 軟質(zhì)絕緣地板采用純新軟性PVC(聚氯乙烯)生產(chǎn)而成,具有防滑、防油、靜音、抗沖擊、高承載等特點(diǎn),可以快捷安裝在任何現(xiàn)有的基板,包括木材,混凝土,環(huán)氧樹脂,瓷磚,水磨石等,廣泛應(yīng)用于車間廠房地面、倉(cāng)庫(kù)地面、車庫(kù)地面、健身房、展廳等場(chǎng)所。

...

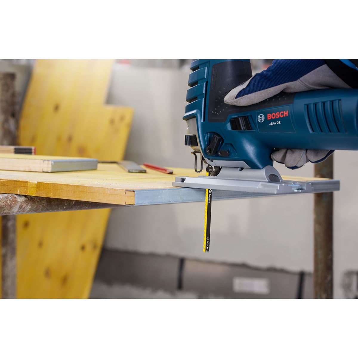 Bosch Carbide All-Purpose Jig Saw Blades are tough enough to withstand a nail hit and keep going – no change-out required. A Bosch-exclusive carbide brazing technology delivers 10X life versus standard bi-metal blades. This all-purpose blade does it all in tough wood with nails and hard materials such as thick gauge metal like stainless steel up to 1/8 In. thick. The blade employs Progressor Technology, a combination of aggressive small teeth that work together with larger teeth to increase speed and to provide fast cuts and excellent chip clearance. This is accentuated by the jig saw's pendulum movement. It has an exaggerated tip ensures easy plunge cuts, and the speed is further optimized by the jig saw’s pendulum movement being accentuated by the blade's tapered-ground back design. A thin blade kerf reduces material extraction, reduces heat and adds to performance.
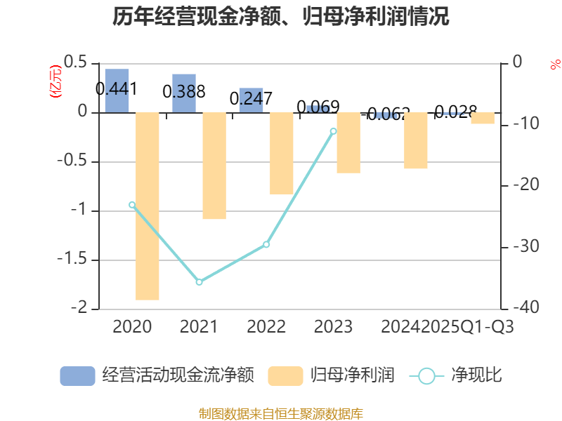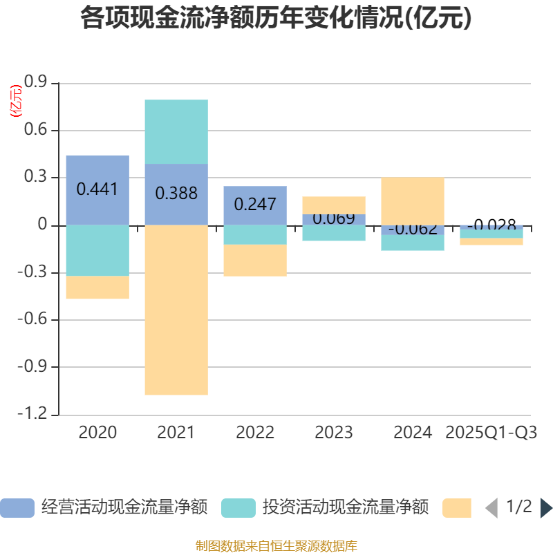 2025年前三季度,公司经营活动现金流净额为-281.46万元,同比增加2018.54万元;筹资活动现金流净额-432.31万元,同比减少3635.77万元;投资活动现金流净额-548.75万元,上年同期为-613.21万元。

_TASK BRIEF:_ Above are entries with pictures among them. Write out exactly the lines from the one containing "Bosch Carbide All-Purpose" through the one containing "2025年前三季度,公司经营", ends included, and leave those pictures out.

_YOUR SOLUTION:_
 Bosch Carbide All-Purpose Jig Saw Blades are tough enough to withstand a nail hit and keep going – no change-out required. A Bosch-exclusive carbide brazing technology delivers 10X life versus standard bi-metal blades. This all-purpose blade does it all in tough wood with nails and hard materials such as thick gauge metal like stainless steel up to 1/8 In. thick. The blade employs Progressor Technology, a combination of aggressive small teeth that work together with larger teeth to increase speed and to provide fast cuts and excellent chip clearance. This is accentuated by the jig saw's pendulum movement. It has an exaggerated tip ensures easy plunge cuts, and the speed is further optimized by the jig saw’s pendulum movement being accentuated by the blade's tapered-ground back design. A thin blade kerf reduces material extraction, reduces heat and adds to performance.
 2025年前三季度,公司经营活动现金流净额为-281.46万元,同比增加2018.54万元;筹资活动现金流净额-432.31万元,同比减少3635.77万元;投资活动现金流净额-548.75万元,上年同期为-613.21万元。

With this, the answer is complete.